Melinda, at her side, squeezed her hand. “It’ll be like a vacation, right, Mommy?”
“That’s right, honey. That’s right.”
Jane had no reason to mistrust her government. The official who had shown up at her door had been female and kind. She’d known about Melinda’s condition—the rare Belladonna Antigen in her blood. Jane had known, too. She’d known that the condition made her baby bleed like a hemophiliac. She’d known that it made donors extremely hard to find. And she’d known that it meant her daughter, now seven, probably wouldn’t live to see forty.
What she hadn’t known—had never even suspected—was that it made her a favorite target of creatures that were not supposed to exist. Vampires, the federal agent had told Jane, were real. All the hype in the news of late had been true. And while most of the monsters had been killed by the vigilante movement sweeping the nation, there were still some at large. Any human being who possessed the Belladonna Antigen was at very great risk of being victimized by them.
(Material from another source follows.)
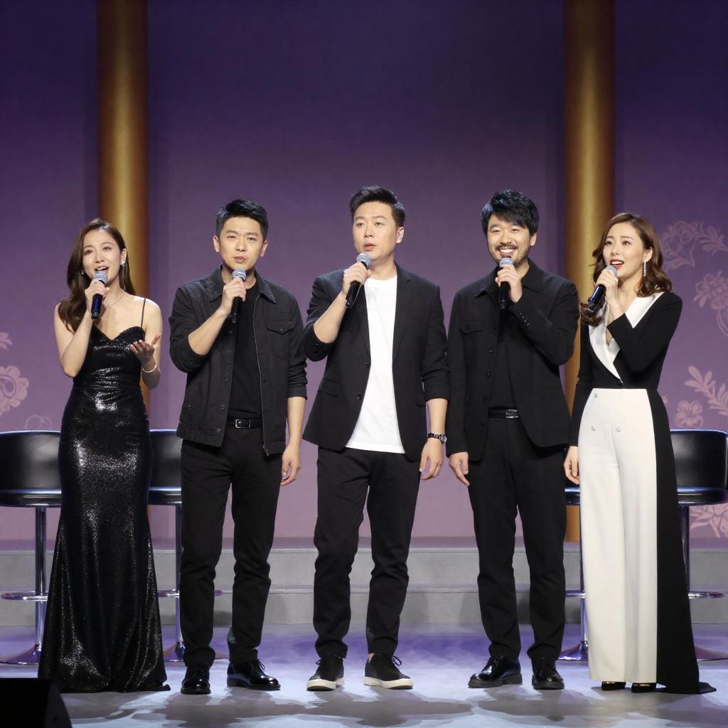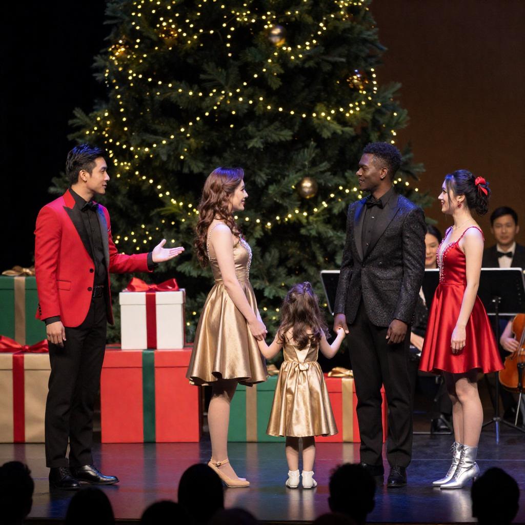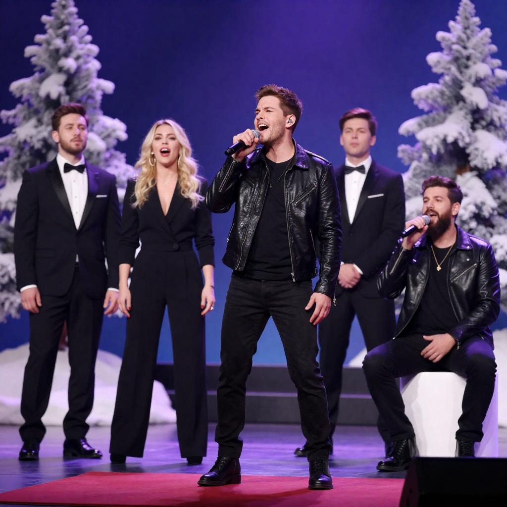 Five performers on stage, singing, standing in front of large, lit Christmas trees. Four wearing festive outfits, one in red blazer and black pants, others in red and black dresses with sparkles. Stacked gift boxes below. Audience clapping. Warm stage lighting. Performers raising hands. Background trees with purple and white lights. Performer with short hair on left, blonde in center, brunette on right, another in black on far right.

Especially now that humans and vampires were virtually at war.
And so the government had set up a haven for these rare humans, a place where they could go and be protected, cared for and absolutely safe, until this vampire problem was under control.
Jane would do anything to protect her little girl. It was the just the two of them. Had always been. Melinda was special. She was more special than even the government or her own doctors knew. Jane had always protected her.
And that was what she was doing now. Protecting Melinda.
Holding her little girl’s tiny hand, she stepped through the arching, churchlike, wooden double doors of St. Dymphna’s, and wished she could shake the feeling that she was making a terrible mistake.